The other day I listened to episode 17 of the Full Stack Radio, which was about conferences and how to get the most out of them. Apparently, a lot of speakers over-think their subject and talk about it on a meta-level. They talk about code instead of showing it. One reason for this is the fear that knowledge about the small and daily things is to insignificant for a talk at a conference, so speakers choose topics that promise to have more impact, like groundbreaking new concepts. Following the podcast episode mentioned above, the “small” everyday things are very valuable for other developers. I think that is the same mechanism as doing pair programming instead of explaining some abstract coding or architecture guideline.
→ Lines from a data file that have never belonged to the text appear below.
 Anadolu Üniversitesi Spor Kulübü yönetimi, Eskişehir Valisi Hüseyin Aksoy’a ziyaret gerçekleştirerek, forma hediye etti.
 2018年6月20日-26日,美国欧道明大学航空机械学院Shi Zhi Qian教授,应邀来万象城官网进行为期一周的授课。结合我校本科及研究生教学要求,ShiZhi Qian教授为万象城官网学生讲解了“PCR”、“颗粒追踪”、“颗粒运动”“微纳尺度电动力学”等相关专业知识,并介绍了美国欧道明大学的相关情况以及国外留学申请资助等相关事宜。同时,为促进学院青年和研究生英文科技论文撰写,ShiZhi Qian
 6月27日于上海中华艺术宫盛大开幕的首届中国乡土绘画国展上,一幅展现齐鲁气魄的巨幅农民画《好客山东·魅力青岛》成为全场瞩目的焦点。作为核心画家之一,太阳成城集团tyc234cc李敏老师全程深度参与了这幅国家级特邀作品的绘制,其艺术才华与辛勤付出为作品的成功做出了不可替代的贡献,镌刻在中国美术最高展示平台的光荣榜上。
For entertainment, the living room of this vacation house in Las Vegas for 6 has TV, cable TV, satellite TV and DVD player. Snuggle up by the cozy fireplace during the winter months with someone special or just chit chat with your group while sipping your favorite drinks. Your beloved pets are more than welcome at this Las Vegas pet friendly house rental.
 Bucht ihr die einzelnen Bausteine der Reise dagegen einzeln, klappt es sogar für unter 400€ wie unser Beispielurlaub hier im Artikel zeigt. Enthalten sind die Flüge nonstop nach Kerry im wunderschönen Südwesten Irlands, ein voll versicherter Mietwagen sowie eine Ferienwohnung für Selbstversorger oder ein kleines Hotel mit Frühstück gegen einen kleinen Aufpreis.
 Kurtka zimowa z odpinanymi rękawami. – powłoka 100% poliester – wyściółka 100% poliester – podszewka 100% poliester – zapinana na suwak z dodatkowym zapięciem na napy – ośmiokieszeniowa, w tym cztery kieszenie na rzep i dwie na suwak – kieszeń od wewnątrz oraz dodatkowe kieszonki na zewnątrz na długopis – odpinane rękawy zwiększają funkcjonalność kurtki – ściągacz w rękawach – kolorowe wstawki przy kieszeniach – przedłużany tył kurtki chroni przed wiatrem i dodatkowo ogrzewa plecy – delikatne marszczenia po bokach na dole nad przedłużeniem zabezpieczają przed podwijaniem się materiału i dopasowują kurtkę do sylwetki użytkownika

Seeing how it gets applied to real code, learning a new shortcut for your IDE or just following the thought patterns of another developer can have a huge impact for your productivity.
Until now, nearly all of my articles have been about one topic that gets dissected in detail. As an experiment, I’m going to write a “What I have learned” article each month. This article will contain important new things I came in contact with in a very short and bullet point -like fashion. Documenting the small things I learned in the last couple of weeks forces to me rethink them and could help other developers out. Let’s see where that takes us. :)
Here’s what I’ve learned in May 2015:
- Why Continuous Delivery is important
- In my last project, we had a JUnit test setup that used an in-memory HSQLDB for testing. I used this without knowing in detail how it worked. To understand in retrospect, I wrote code that does something similar. You can see it here.
- Learned about some security topics and cloud storage by setting up an OwnCloud with server-side encryption and TLS.
- Installed RedPhone and TextSecure by Open Whisper Systems
Let me hear what you think of this new format - is it a nice overview of interesting things or just noise? ;)
TL;DR
I will write a short article about what I’ve learned every month from now on.